In the storeValue function, instead of performing the usual non-atomic assignment, we need to execute mint_store_64_relaxed.
void storeValue() { mint_store_64_relaxed(&sharedValue, 0x100000002); }
Similarly, in loadValue, we call mint_load_64_relaxed.
uint64_t loadValue() { return mint_load_64_relaxed(&sharedValue); }
If you use the terminology of C ++ 11, then these functions are now free from data race conditions (data race free). If they are called at the same time, it is absolutely impossible to find yourself in a situation of a broken read or write, regardless of which platform the code is running: ARMv6 / ARMv7 (Thumb or ARM modes), x86, x64 or PowerPC. If you are interested in how mint_load_64_relaxed and mint_store_64_relaxed work, then both functions use the cmpxchg8b instruction on the x86 platform. Implementation details for other platforms can be found in
the Mintomic implementation .
Here is the same code using the standard C ++ 11 library:
#include <atomic> std::atomic<uint64_t> sharedValue(0); void storeValue() { sharedValue.store(0x100000002, std::memory_order_relaxed); } uint64_t loadValue() { return sharedValue.load(std::memory_order_relaxed); } uint64_t loadValue() { return mint_load_64_relaxed(&sharedValue); }
You should have noticed that both examples use relaxed atomic operations, as evidenced by the _relaxed suffix in identifiers. This suffix is ​​reminiscent of certain guarantees regarding memory ordering.
In particular, for such operations, reordering of memory operations is allowed in accordance with
reordering by the compiler or with
memory reordering by the processor . The compiler can even optimize redundant atomic operations, as well as non-atomic ones. But in all these cases, the atomicity of the operations is preserved.
I think that in the case of parallel operations with memory, using the functions of the Mintomic or C ++ 11 atomic libraries is a good practice, even if you are sure that the usual read or write operations will be atomic on the platform you use. The use of atomic libraries will serve as an extra reminder that variables can be used in a competitive environment.
Hopefully, it has now become clearer to you why the
world's simplest non-blocking hash table uses Mintomic to manipulate shared memory simultaneously with other threads.

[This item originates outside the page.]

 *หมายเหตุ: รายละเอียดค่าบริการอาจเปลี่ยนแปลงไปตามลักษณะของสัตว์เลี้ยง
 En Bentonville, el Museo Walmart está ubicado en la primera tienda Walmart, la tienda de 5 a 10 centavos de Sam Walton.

About the author. Jeff Preshing works as a software architect at Ubisoft, a gaming company, specializing in multi-threaded programming and non-blocking algorithms. This year, he gave a report on multi-threaded game development in accordance with the C ++ 11 standard at the CppCon conference, the video of this report was on Habré . He maintains an interesting blog, Preshing on Programming , including the subtleties of non-blocking programming and the associated nuances of C ++.

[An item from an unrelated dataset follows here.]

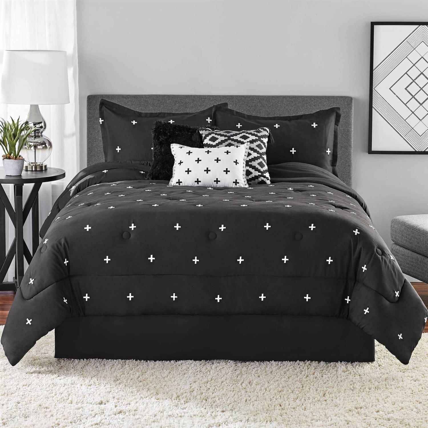 Bring a modern flair to the bedroom with the Mainstays Embroidered Cross 7 Piece Comforter Bedding Set. The microfiber comforter and shams flaunt mini embroidered white swiss crosses on a black background. Three decorative pillows with embroidered details long faux fur and/or embroidered flange and tassels coordinate beautifully with the top of the bed while the solid black bed skirt with a 14-inch drop provides a clean finish. Stunning and soft this embroidered swiss cross comforter set is machine washable for easy care.

I would like to translate many articles from his blog for the community, but since his posts often refer to one another, it’s quite difficult to select an article for the first translation. I tried to choose an article that would be minimally based on others. Although the question under consideration is quite simple, I hope it will still be interesting to many who are starting to get acquainted with multithreaded programming in C ++.